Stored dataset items
○ ○ ○ ○ ○ ○ ○
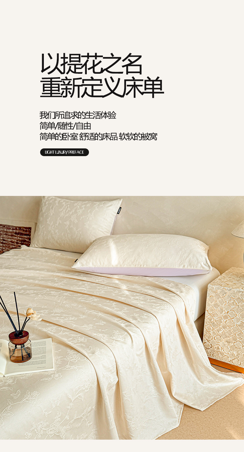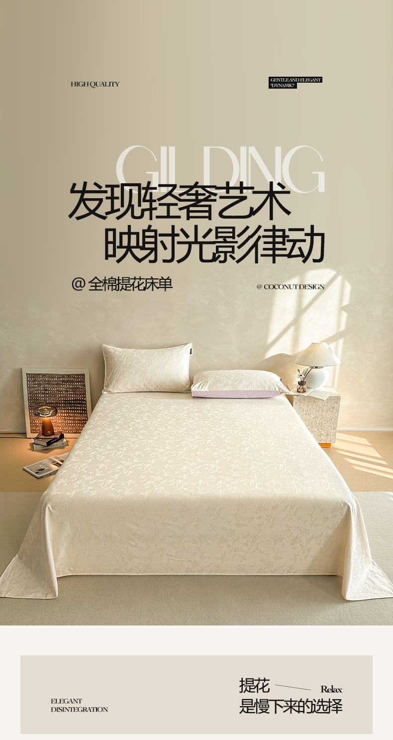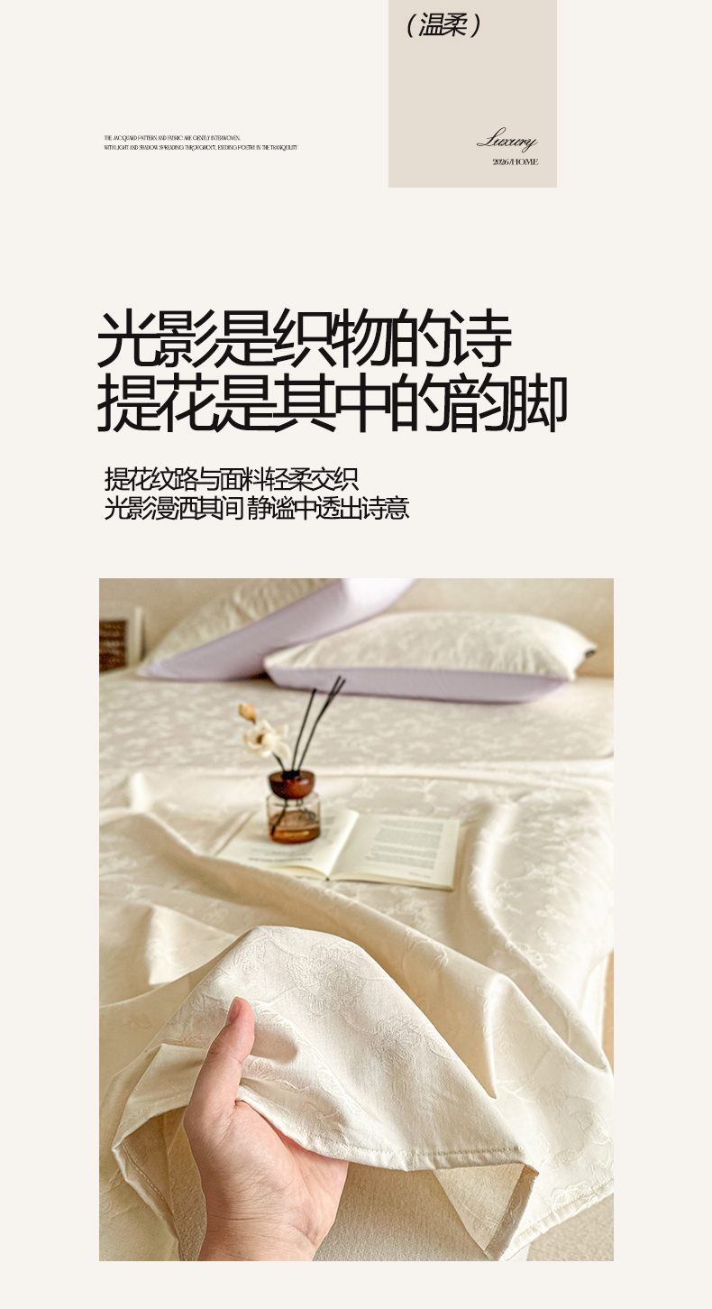 • 91家纺网 家纺一手货源 找家纺 涵宸家纺 2026新款全棉提花里拉系列单床单 床单-毓影-奶白
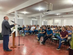 17/04/23 – A Secretaria de Saúde iniciou um novo ciclo de formação com os servidores. Os encontros buscam aprimorar os processos de trabalho e promover a reflexão da equipe. A primeira palestra com o tema “Amor ao Trabalho” aconteceu nesta segunda-feira (17/04) e reuniu mais de 400 profissionais de todos os setores da saúde.
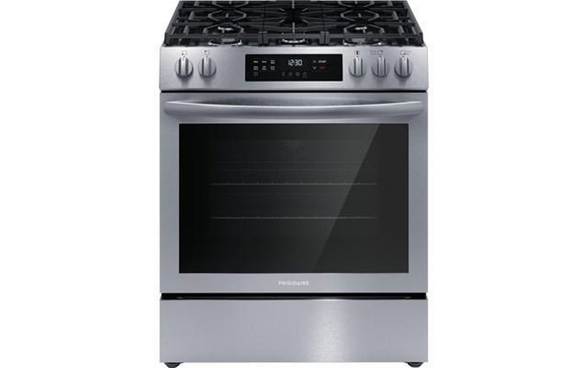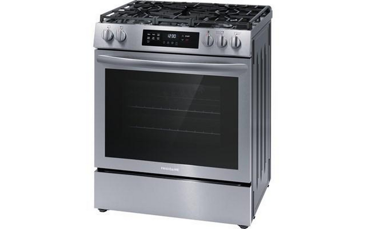 Frigidaire 30-inch freestanding gas range features digital display, Convection technology and 5 cooktop burners.
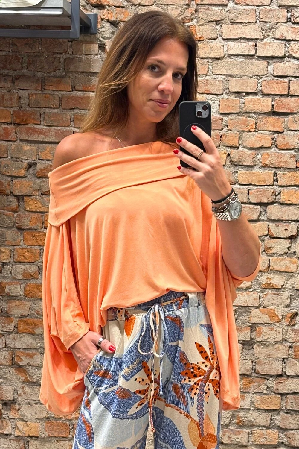 Linda blusa. Tenho 1.75m de altura e peso 73kg e o tamanho foi perfeito. Tecido extremamente fresco, de qualidade e confortável. Blusa ampla e maravilhosa.
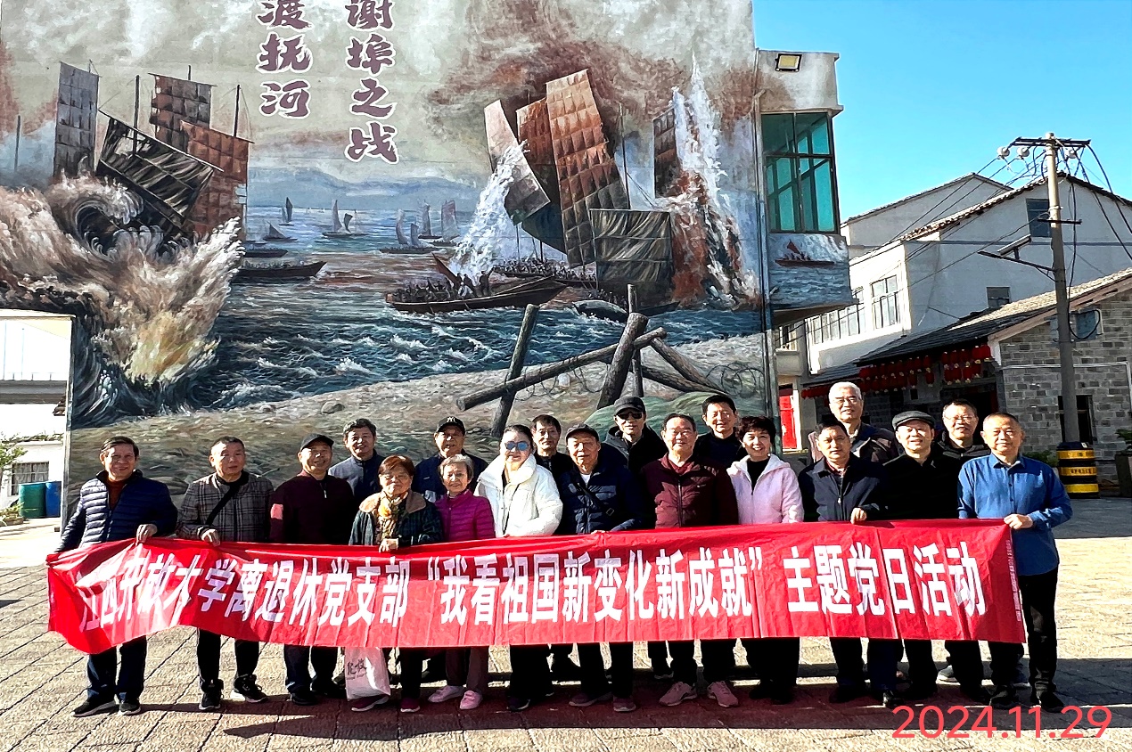 今年是中华人民共和国成立75周年。为了解新时代我省经济社会发展新气象新变化,牢记初心使命,缅怀革命先烈、传承红色基因。11月28、29日,离退休第一、第二党支部组织40余名离退休党员到南昌市青山湖区罗家镇谢埠老街、南昌东站开展“我看祖国新变化”主题党日活动 。
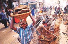 ▲1月17日,达卡城里正在修理管道的工地上,一位搬运工面对镜头露出了灿烂的笑脸。
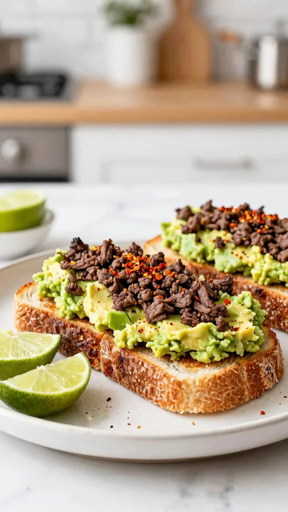 Elevate your lunch with beef and avocado toast. This tasty combination features creamy avocado spread over toasted bread, topped with savory beef for a quick and satisfying meal. It’s a delicious way to power through your day!
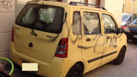 Συγκεκριμένα, όπισθεν του 4ου Δημοτικού Σχολείου Σύρου όχημα καταστράφηκε σχεδόν “ολοκληρωτικά”, αφού οι επιφάνειές του αποτέλεσαν δυστυχώς των “καμβά” αγνώστων προκειμένου να γράψουν συνθήματα και τα αρχικά κομματικού συνδυασμού.
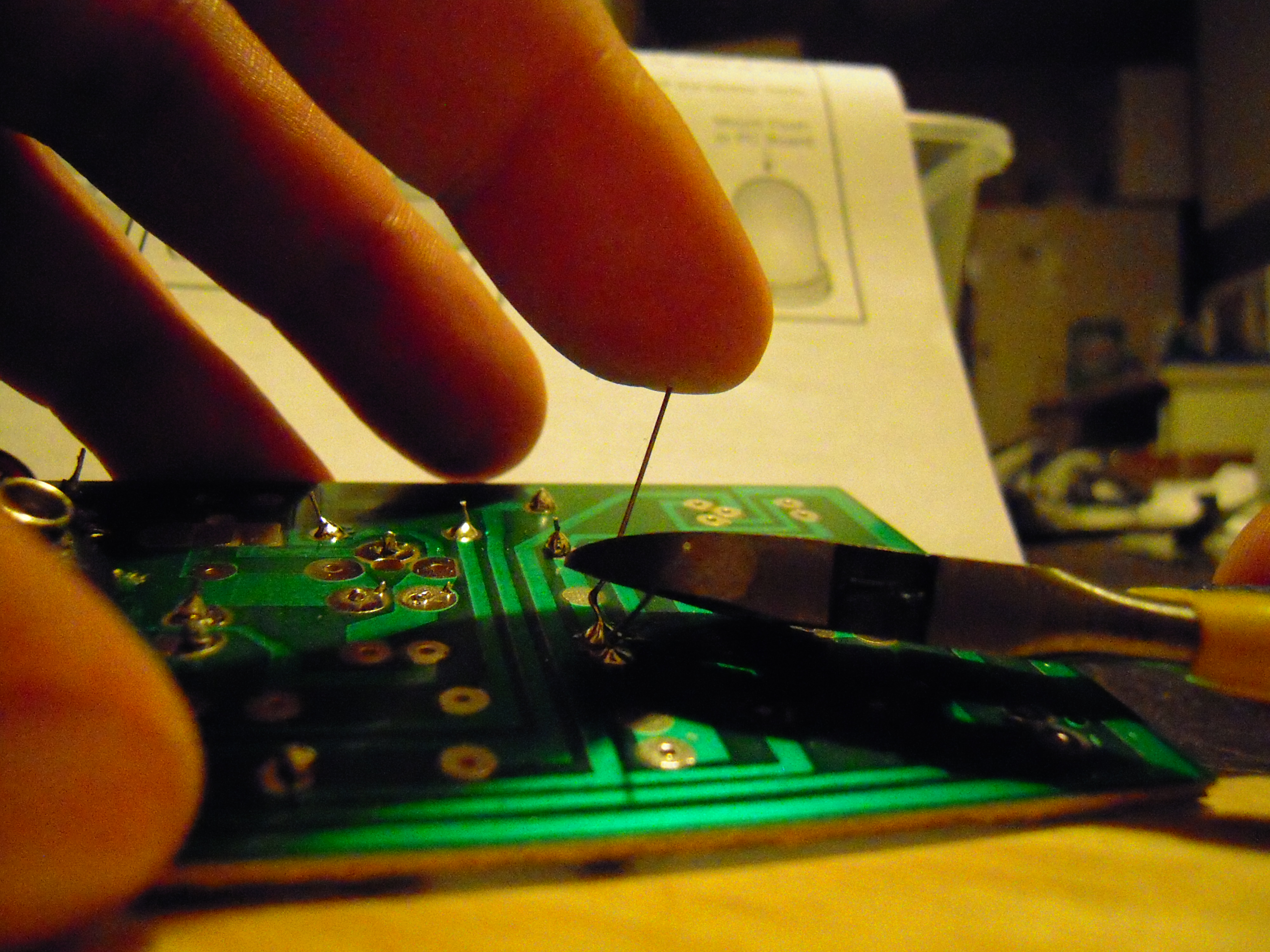 One tip I learned is that when clipping the component leads, lightly place a finger at the end. Otherwise, the clipped lead will go flying. One more reason to wear safety goggles!
○ ○ ○ ○ ○ ○ ○
What you will do
Pictures are to be dropped; every line of the records is to be returned unchanged.

Written answer
 • 91家纺网 家纺一手货源 找家纺 涵宸家纺 2026新款全棉提花里拉系列单床单 床单-毓影-奶白
 17/04/23 – A Secretaria de Saúde iniciou um novo ciclo de formação com os servidores. Os encontros buscam aprimorar os processos de trabalho e promover a reflexão da equipe. A primeira palestra com o tema “Amor ao Trabalho” aconteceu nesta segunda-feira (17/04) e reuniu mais de 400 profissionais de todos os setores da saúde.
 Frigidaire 30-inch freestanding gas range features digital display, Convection technology and 5 cooktop burners.
 Linda blusa. Tenho 1.75m de altura e peso 73kg e o tamanho foi perfeito. Tecido extremamente fresco, de qualidade e confortável. Blusa ampla e maravilhosa.
 今年是中华人民共和国成立75周年。为了解新时代我省经济社会发展新气象新变化,牢记初心使命,缅怀革命先烈、传承红色基因。11月28、29日,离退休第一、第二党支部组织40余名离退休党员到南昌市青山湖区罗家镇谢埠老街、南昌东站开展“我看祖国新变化”主题党日活动 。
 ▲1月17日,达卡城里正在修理管道的工地上,一位搬运工面对镜头露出了灿烂的笑脸。
 Elevate your lunch with beef and avocado toast. This tasty combination features creamy avocado spread over toasted bread, topped with savory beef for a quick and satisfying meal. It’s a delicious way to power through your day!
 Συγκεκριμένα, όπισθεν του 4ου Δημοτικού Σχολείου Σύρου όχημα καταστράφηκε σχεδόν “ολοκληρωτικά”, αφού οι επιφάνειές του αποτέλεσαν δυστυχώς των “καμβά” αγνώστων προκειμένου να γράψουν συνθήματα και τα αρχικά κομματικού συνδυασμού.
 One tip I learned is that when clipping the component leads, lightly place a finger at the end. Otherwise, the clipped lead will go flying. One more reason to wear safety goggles!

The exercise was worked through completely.